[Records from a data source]

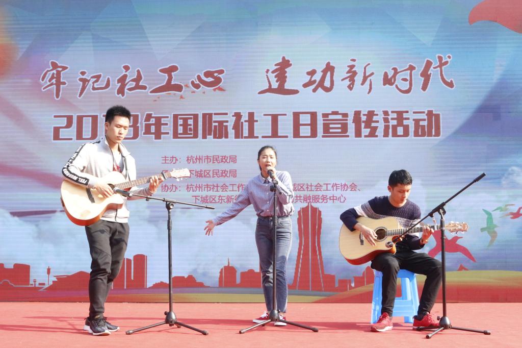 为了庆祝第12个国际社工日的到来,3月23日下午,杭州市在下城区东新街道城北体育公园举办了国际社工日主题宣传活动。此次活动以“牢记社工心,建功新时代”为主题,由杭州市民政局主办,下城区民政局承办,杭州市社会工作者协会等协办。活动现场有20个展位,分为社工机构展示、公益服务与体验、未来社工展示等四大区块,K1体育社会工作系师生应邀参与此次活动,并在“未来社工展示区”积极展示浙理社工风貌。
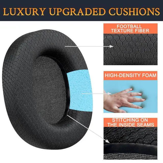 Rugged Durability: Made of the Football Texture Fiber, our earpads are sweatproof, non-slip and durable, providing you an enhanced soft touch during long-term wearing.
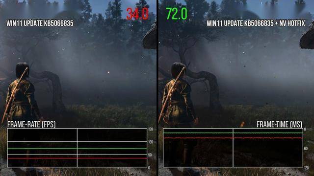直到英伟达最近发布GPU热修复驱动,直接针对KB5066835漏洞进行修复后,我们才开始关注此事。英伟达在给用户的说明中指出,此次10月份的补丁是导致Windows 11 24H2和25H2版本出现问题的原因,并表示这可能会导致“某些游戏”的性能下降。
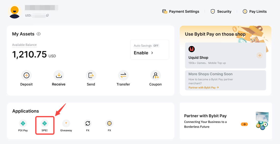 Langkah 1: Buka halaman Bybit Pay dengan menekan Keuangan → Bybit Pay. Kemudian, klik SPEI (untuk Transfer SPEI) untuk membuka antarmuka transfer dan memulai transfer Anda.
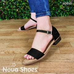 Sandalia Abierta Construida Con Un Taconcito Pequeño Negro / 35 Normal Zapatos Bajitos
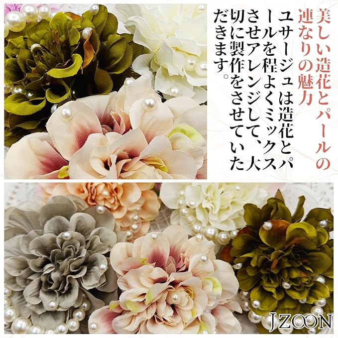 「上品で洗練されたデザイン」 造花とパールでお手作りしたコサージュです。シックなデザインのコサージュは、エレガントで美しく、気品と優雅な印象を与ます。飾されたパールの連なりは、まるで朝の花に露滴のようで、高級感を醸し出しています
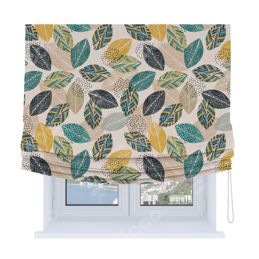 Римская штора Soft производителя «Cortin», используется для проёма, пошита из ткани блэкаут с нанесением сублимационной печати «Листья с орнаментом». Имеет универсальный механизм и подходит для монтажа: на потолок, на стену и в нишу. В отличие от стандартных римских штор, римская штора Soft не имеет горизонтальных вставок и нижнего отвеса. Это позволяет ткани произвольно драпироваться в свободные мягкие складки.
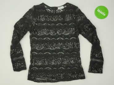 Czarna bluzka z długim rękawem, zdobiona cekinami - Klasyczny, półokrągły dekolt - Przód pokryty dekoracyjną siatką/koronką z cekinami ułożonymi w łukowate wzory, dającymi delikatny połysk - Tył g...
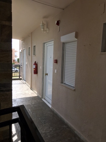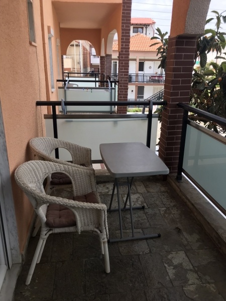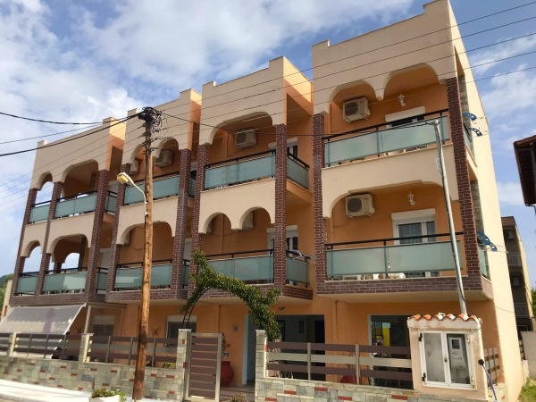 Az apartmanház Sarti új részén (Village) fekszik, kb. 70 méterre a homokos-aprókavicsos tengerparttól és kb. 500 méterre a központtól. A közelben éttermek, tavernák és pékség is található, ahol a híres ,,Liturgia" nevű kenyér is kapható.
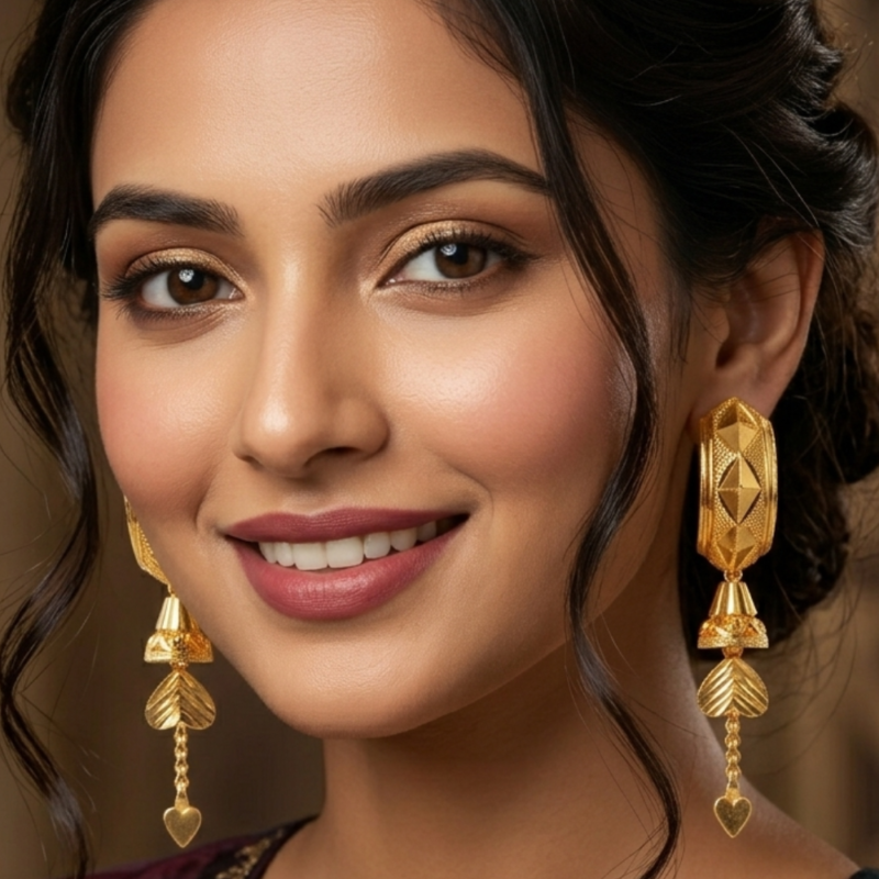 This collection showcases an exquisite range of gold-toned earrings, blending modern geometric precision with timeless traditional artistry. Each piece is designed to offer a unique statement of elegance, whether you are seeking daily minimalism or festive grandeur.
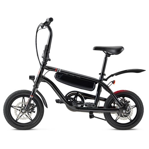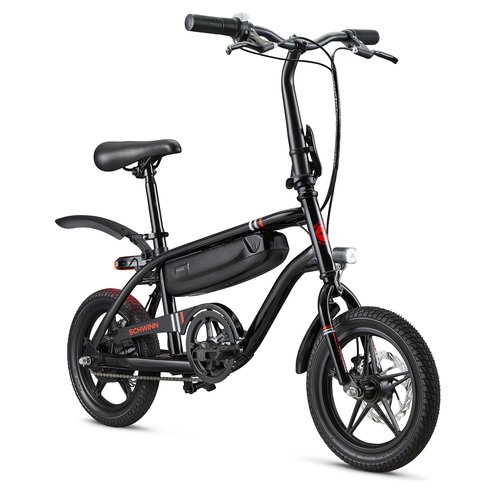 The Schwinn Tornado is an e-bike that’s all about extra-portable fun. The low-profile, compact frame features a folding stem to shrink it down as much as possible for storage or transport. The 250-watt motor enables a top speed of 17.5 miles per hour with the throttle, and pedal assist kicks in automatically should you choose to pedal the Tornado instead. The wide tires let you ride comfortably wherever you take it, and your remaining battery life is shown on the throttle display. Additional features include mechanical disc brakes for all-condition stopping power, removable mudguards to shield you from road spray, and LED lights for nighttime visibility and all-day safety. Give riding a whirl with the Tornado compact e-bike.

*WHAT TO PRODUCE*. An exact copy of every entry, without pictures, should be your output.

*YOUR RESPONSE*.
 为了庆祝第12个国际社工日的到来,3月23日下午,杭州市在下城区东新街道城北体育公园举办了国际社工日主题宣传活动。此次活动以“牢记社工心,建功新时代”为主题,由杭州市民政局主办,下城区民政局承办,杭州市社会工作者协会等协办。活动现场有20个展位,分为社工机构展示、公益服务与体验、未来社工展示等四大区块,K1体育社会工作系师生应邀参与此次活动,并在“未来社工展示区”积极展示浙理社工风貌。
 Rugged Durability: Made of the Football Texture Fiber, our earpads are sweatproof, non-slip and durable, providing you an enhanced soft touch during long-term wearing.
直到英伟达最近发布GPU热修复驱动,直接针对KB5066835漏洞进行修复后,我们才开始关注此事。英伟达在给用户的说明中指出,此次10月份的补丁是导致Windows 11 24H2和25H2版本出现问题的原因,并表示这可能会导致“某些游戏”的性能下降。
 Langkah 1: Buka halaman Bybit Pay dengan menekan Keuangan → Bybit Pay. Kemudian, klik SPEI (untuk Transfer SPEI) untuk membuka antarmuka transfer dan memulai transfer Anda.
 Sandalia Abierta Construida Con Un Taconcito Pequeño Negro / 35 Normal Zapatos Bajitos
 「上品で洗練されたデザイン」 造花とパールでお手作りしたコサージュです。シックなデザインのコサージュは、エレガントで美しく、気品と優雅な印象を与ます。飾されたパールの連なりは、まるで朝の花に露滴のようで、高級感を醸し出しています
 Римская штора Soft производителя «Cortin», используется для проёма, пошита из ткани блэкаут с нанесением сублимационной печати «Листья с орнаментом». Имеет универсальный механизм и подходит для монтажа: на потолок, на стену и в нишу. В отличие от стандартных римских штор, римская штора Soft не имеет горизонтальных вставок и нижнего отвеса. Это позволяет ткани произвольно драпироваться в свободные мягкие складки.
 Czarna bluzka z długim rękawem, zdobiona cekinami - Klasyczny, półokrągły dekolt - Przód pokryty dekoracyjną siatką/koronką z cekinami ułożonymi w łukowate wzory, dającymi delikatny połysk - Tył g...
 Az apartmanház Sarti új részén (Village) fekszik, kb. 70 méterre a homokos-aprókavicsos tengerparttól és kb. 500 méterre a központtól. A közelben éttermek, tavernák és pékség is található, ahol a híres ,,Liturgia" nevű kenyér is kapható.
 This collection showcases an exquisite range of gold-toned earrings, blending modern geometric precision with timeless traditional artistry. Each piece is designed to offer a unique statement of elegance, whether you are seeking daily minimalism or festive grandeur.
 The Schwinn Tornado is an e-bike that’s all about extra-portable fun. The low-profile, compact frame features a folding stem to shrink it down as much as possible for storage or transport. The 250-watt motor enables a top speed of 17.5 miles per hour with the throttle, and pedal assist kicks in automatically should you choose to pedal the Tornado instead. The wide tires let you ride comfortably wherever you take it, and your remaining battery life is shown on the throttle display. Additional features include mechanical disc brakes for all-condition stopping power, removable mudguards to shield you from road spray, and LED lights for nighttime visibility and all-day safety. Give riding a whirl with the Tornado compact e-bike.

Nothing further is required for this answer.